Your rd bales of hay are going to mold so you should deliver it to me for $20 a bale. I'm only about 50 miles from you & joking!!!

IMHO you good to go. I remember many yrs back the 1st time I checked rd bale moisture the next day after baling at 15% and the hay tested in the mid to low 20's. I made myself a mental note not to do that again. LOL


----------



## Tim/South (Dec 12, 2011)

I think you are in the clear. If you check it again 3 days later it will probably read close to 15 again.

My friend bought a new baler with a moisture sensor. He was baling at 15% moisture.

I checked them with the hand held meter the next day. He said the hand held was lying and for me to go home. 

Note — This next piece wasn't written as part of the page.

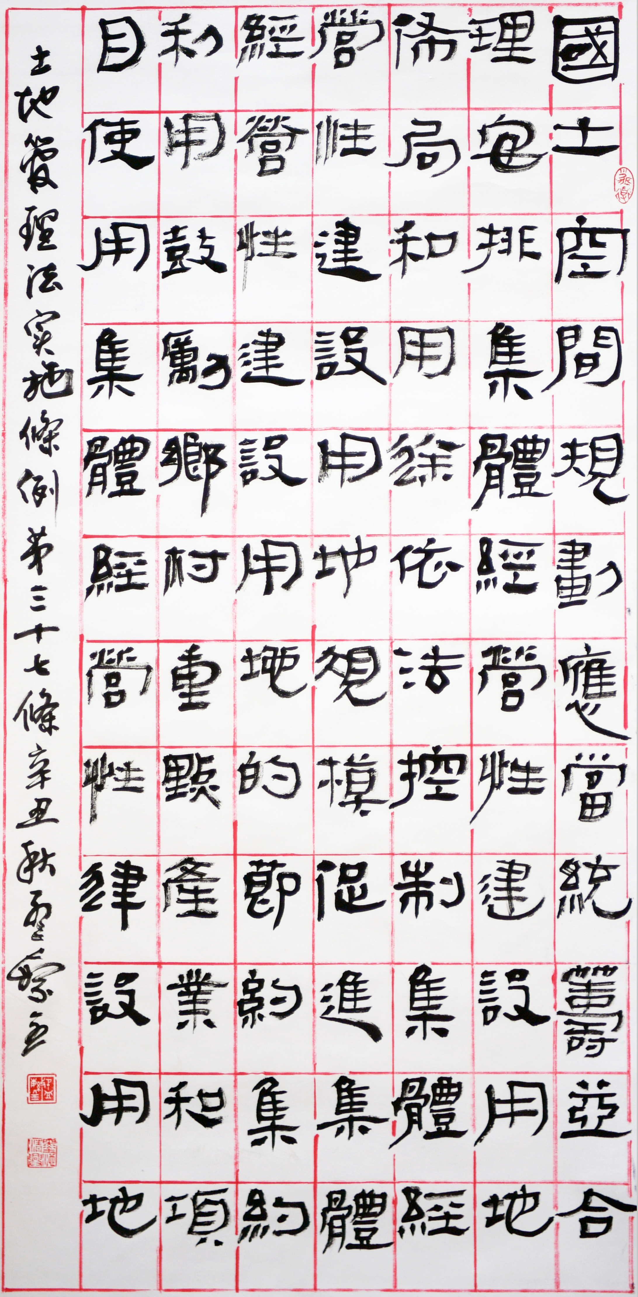 繼1600余位書(shū)法家參與書(shū)寫《中華人民共和國(guó)民法典》全部1260條法條之后,法治日?qǐng)?bào)社聯(lián)合自然資源部法規(guī)司、自然資源部書(shū)畫研究會(huì)和北京昌平書(shū)法家協(xié)會(huì),將筆端對(duì)準(zhǔn)土地管理“一法一條例”,即《中華人民共和國(guó)土地管理法》和《中華人民共和國(guó)土地管理法實(shí)施條例》。

After the hay is rolled, I pay more attention to the temp than the moisture. It is not uncommon for a roll to sweat up to 120 degrees the next day. 3 days later it is below ambient temperature.


----------



## jettex (Jul 5, 2018)

Thanks everyone. I was sweating myself. Couldn't figure out how the moisture went up? Then I got to thinking and the person who checks the moisture while baling isn't getting the same reading the next day either.


----------